Excerpts from a dataset:
..............................

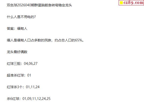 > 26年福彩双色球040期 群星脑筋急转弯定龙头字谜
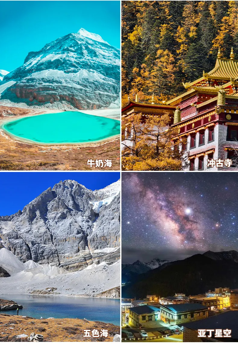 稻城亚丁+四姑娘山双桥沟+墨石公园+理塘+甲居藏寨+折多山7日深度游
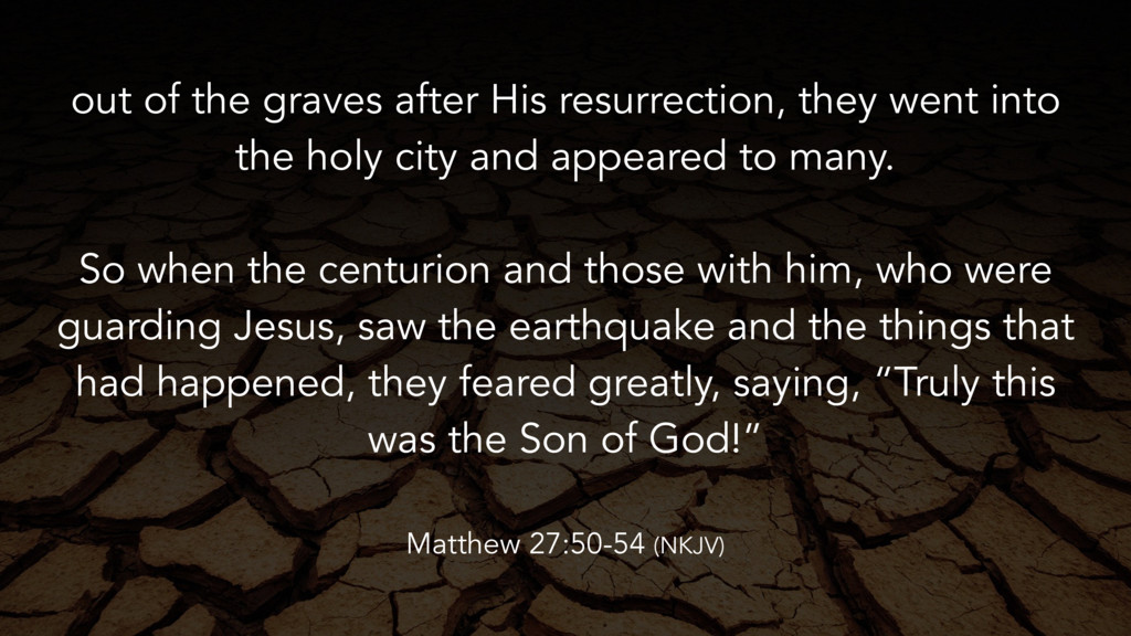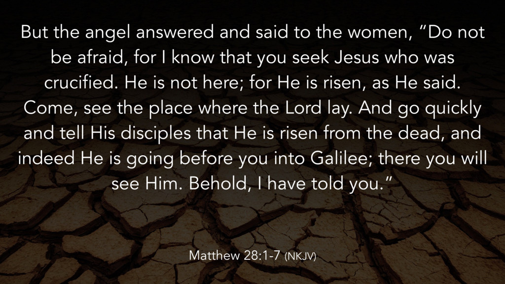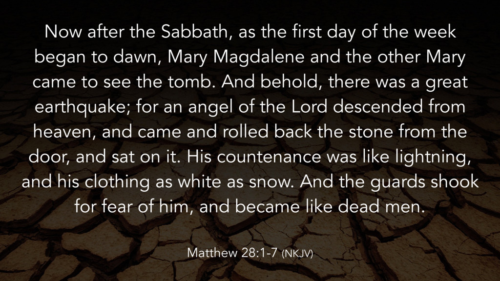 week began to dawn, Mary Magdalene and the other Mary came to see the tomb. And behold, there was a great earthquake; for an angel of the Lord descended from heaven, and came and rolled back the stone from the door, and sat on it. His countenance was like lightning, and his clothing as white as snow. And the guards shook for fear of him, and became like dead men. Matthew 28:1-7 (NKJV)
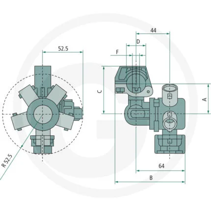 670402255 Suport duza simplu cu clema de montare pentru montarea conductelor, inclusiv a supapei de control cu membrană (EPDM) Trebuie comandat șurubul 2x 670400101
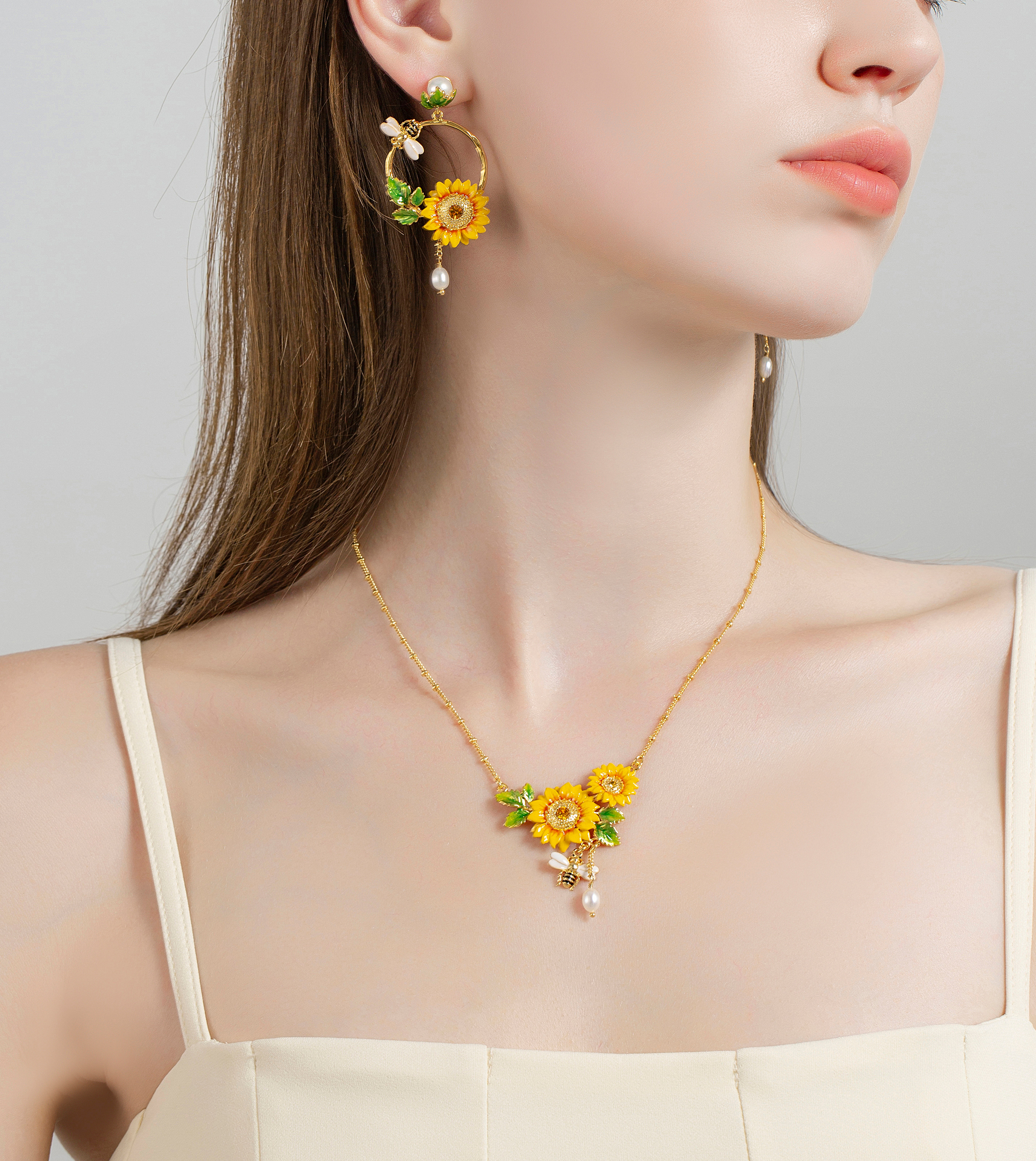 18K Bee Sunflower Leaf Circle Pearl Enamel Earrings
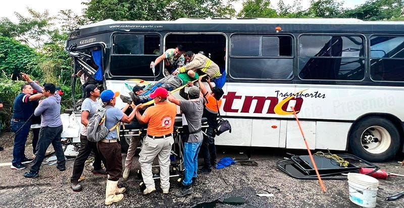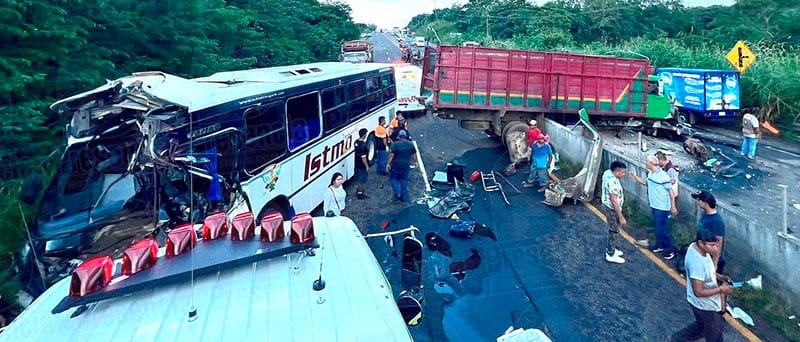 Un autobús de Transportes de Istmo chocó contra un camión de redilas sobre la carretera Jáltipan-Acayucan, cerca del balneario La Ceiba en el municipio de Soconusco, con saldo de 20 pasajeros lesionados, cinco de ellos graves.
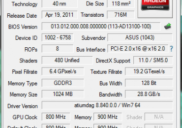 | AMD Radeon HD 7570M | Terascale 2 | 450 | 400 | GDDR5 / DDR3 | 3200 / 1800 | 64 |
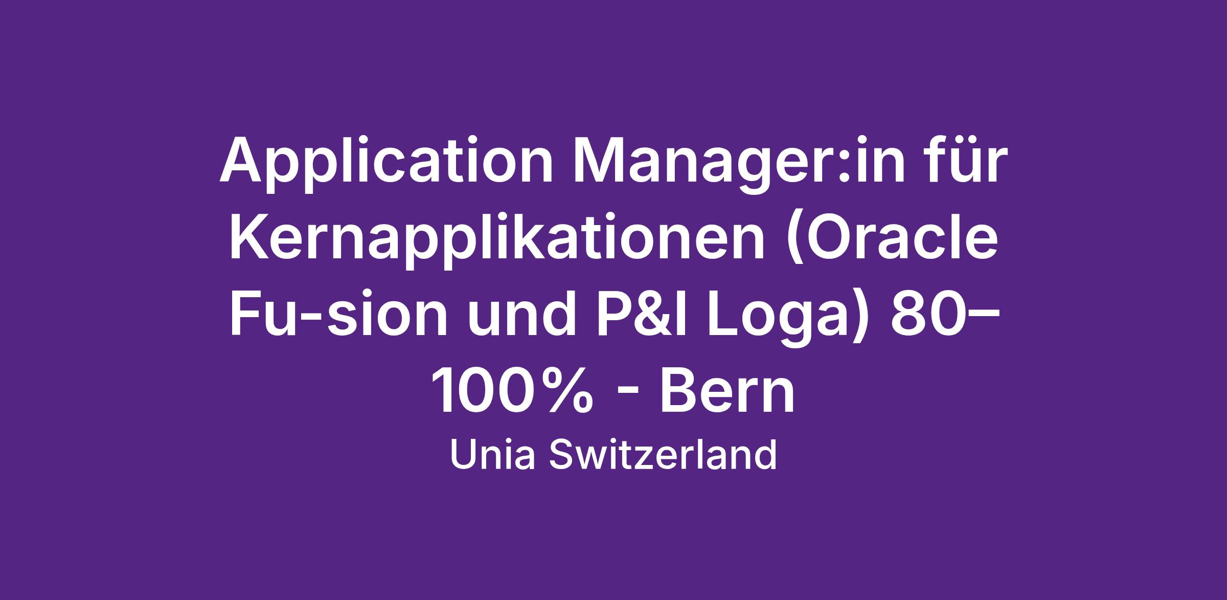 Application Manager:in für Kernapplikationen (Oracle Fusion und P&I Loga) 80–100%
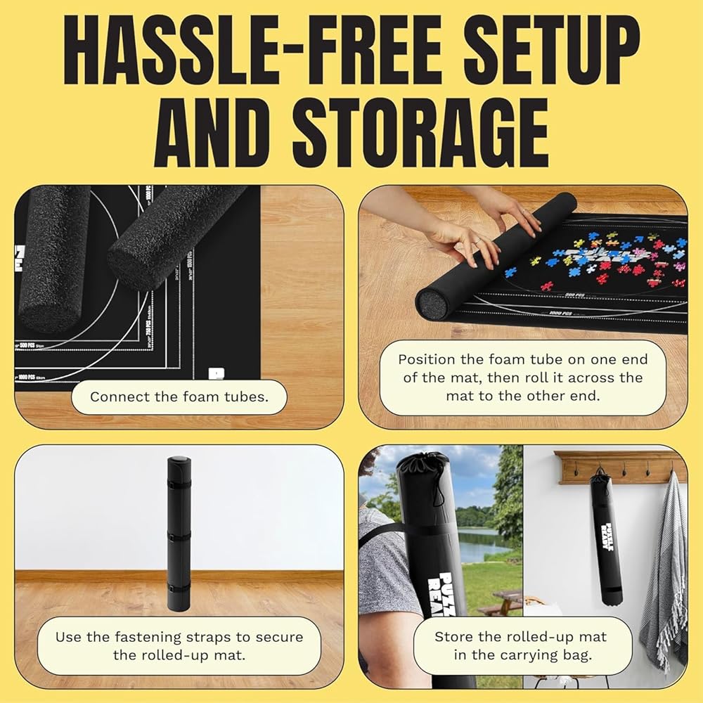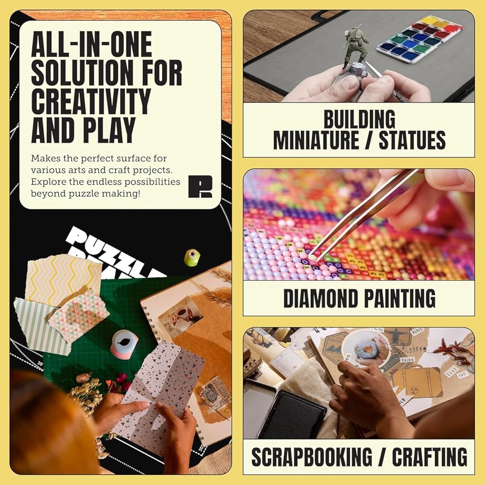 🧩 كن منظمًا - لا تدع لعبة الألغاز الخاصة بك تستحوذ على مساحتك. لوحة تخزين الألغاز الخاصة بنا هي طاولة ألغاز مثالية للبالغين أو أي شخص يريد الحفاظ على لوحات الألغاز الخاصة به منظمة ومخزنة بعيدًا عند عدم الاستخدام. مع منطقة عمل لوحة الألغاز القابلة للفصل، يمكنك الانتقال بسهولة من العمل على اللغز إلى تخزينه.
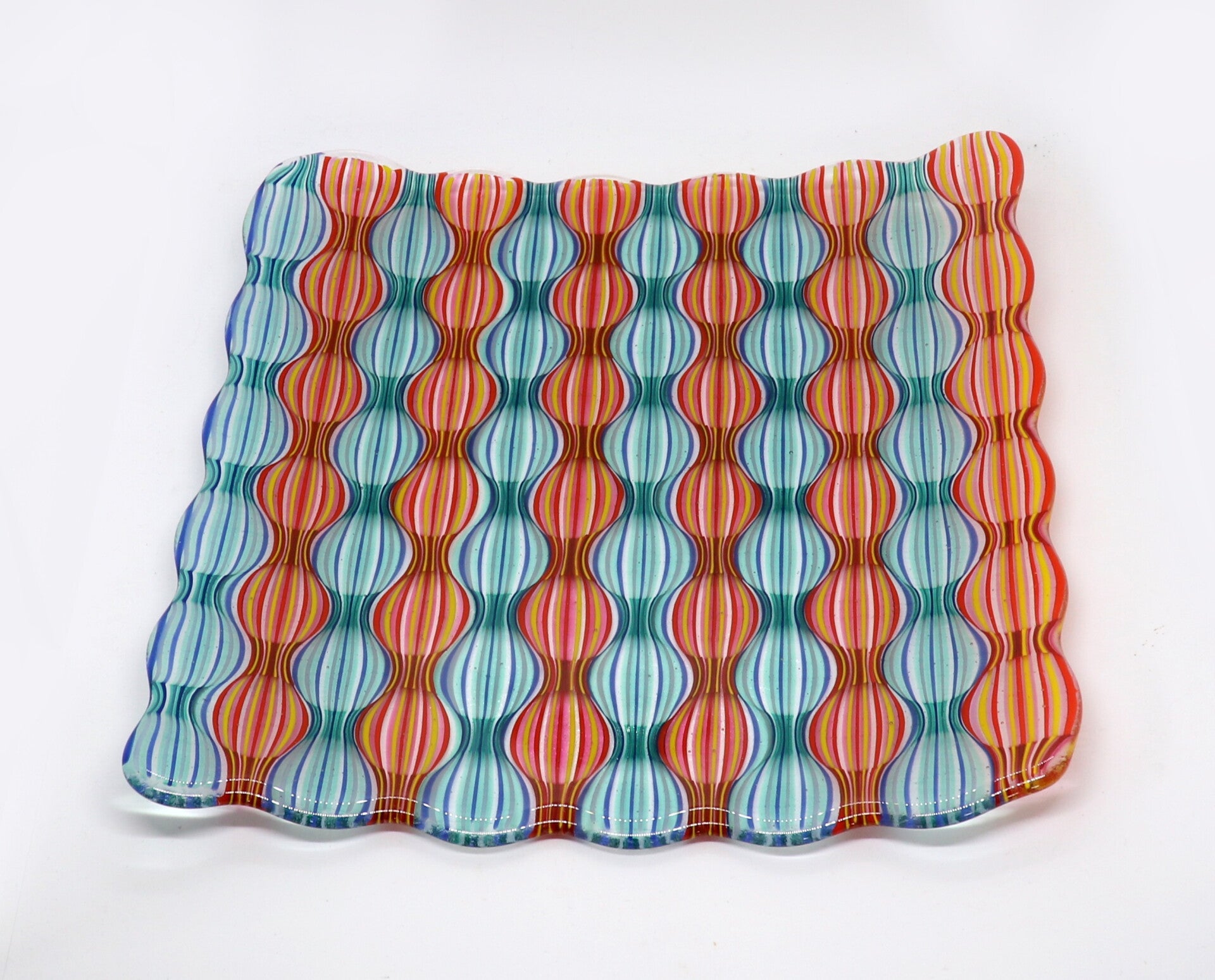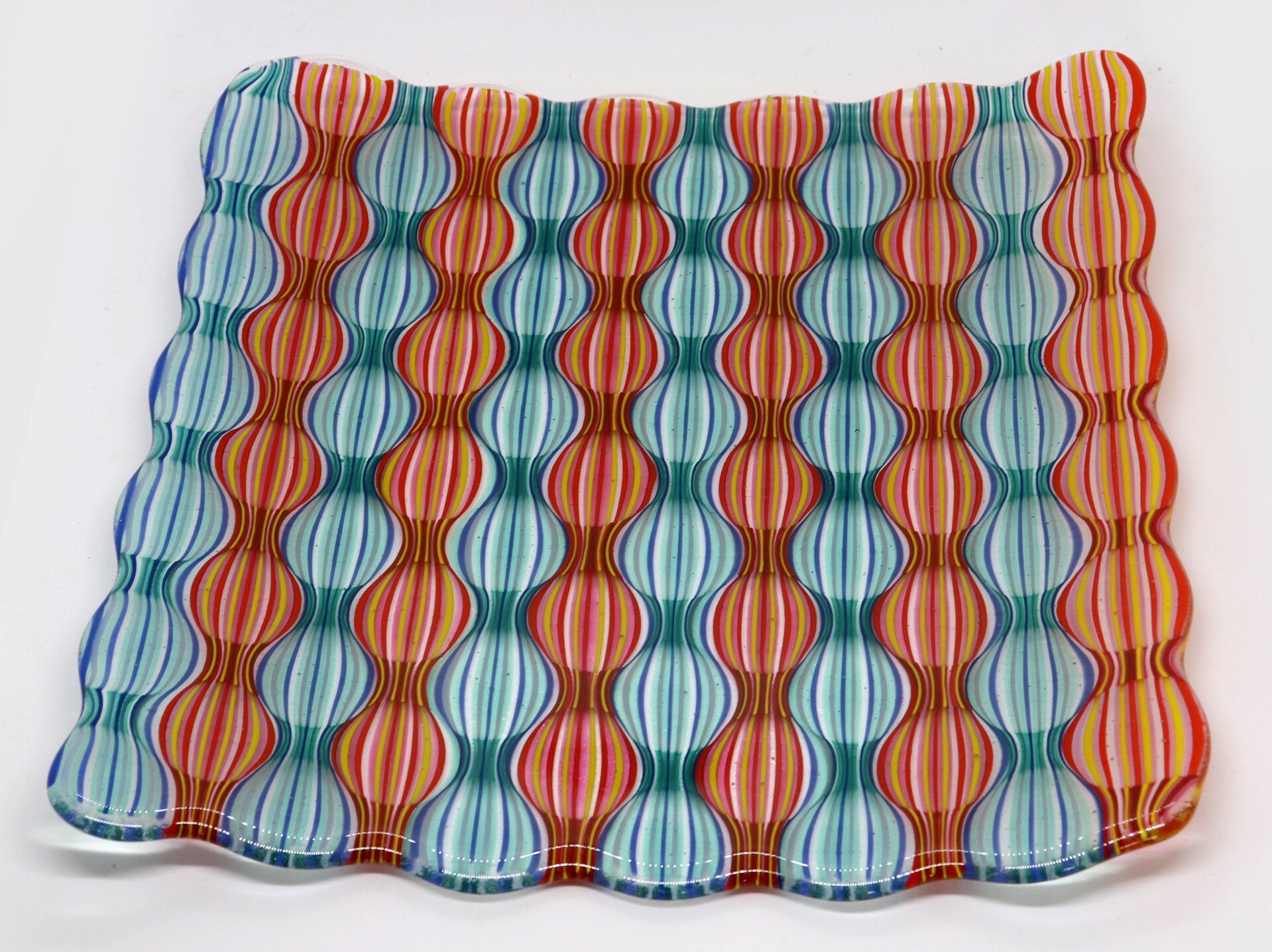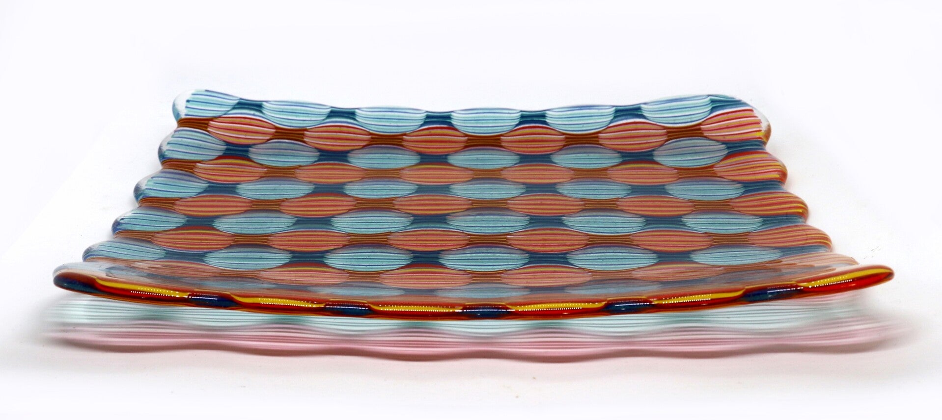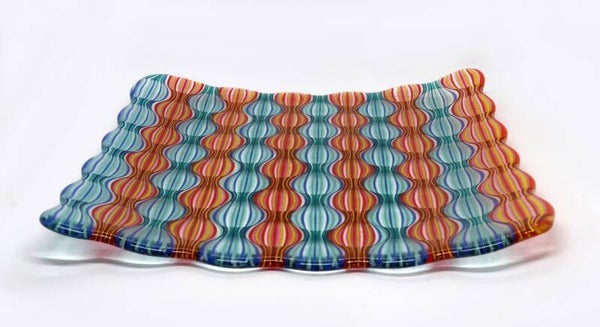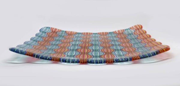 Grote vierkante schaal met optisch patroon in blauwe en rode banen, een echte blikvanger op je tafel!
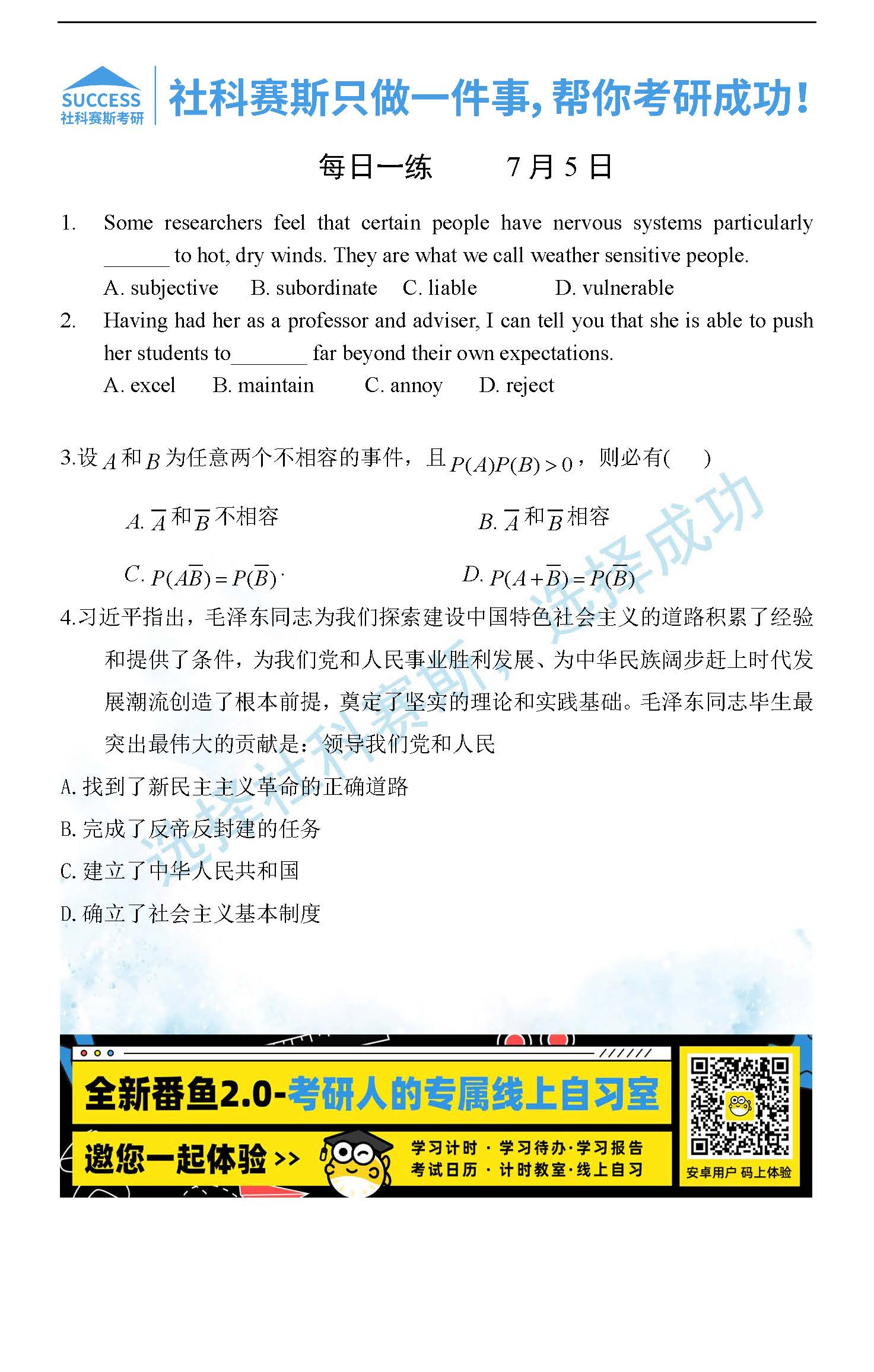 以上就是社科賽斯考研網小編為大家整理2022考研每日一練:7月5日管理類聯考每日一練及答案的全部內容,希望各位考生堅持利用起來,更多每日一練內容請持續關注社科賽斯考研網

..............................

Only the lines from the one containing "1800 | 64 |" through the last line of the entries belong in the answer, given again exactly. Images stay out.

 | AMD Radeon HD 7570M | Terascale 2 | 450 | 400 | GDDR5 / DDR3 | 3200 / 1800 | 64 |
 Application Manager:in für Kernapplikationen (Oracle Fusion und P&I Loga) 80–100%
 🧩 كن منظمًا - لا تدع لعبة الألغاز الخاصة بك تستحوذ على مساحتك. لوحة تخزين الألغاز الخاصة بنا هي طاولة ألغاز مثالية للبالغين أو أي شخص يريد الحفاظ على لوحات الألغاز الخاصة به منظمة ومخزنة بعيدًا عند عدم الاستخدام. مع منطقة عمل لوحة الألغاز القابلة للفصل، يمكنك الانتقال بسهولة من العمل على اللغز إلى تخزينه.
 Grote vierkante schaal met optisch patroon in blauwe en rode banen, een echte blikvanger op je tafel!
 以上就是社科賽斯考研網小編為大家整理2022考研每日一練:7月5日管理類聯考每日一練及答案的全部內容,希望各位考生堅持利用起來,更多每日一練內容請持續關注社科賽斯考研網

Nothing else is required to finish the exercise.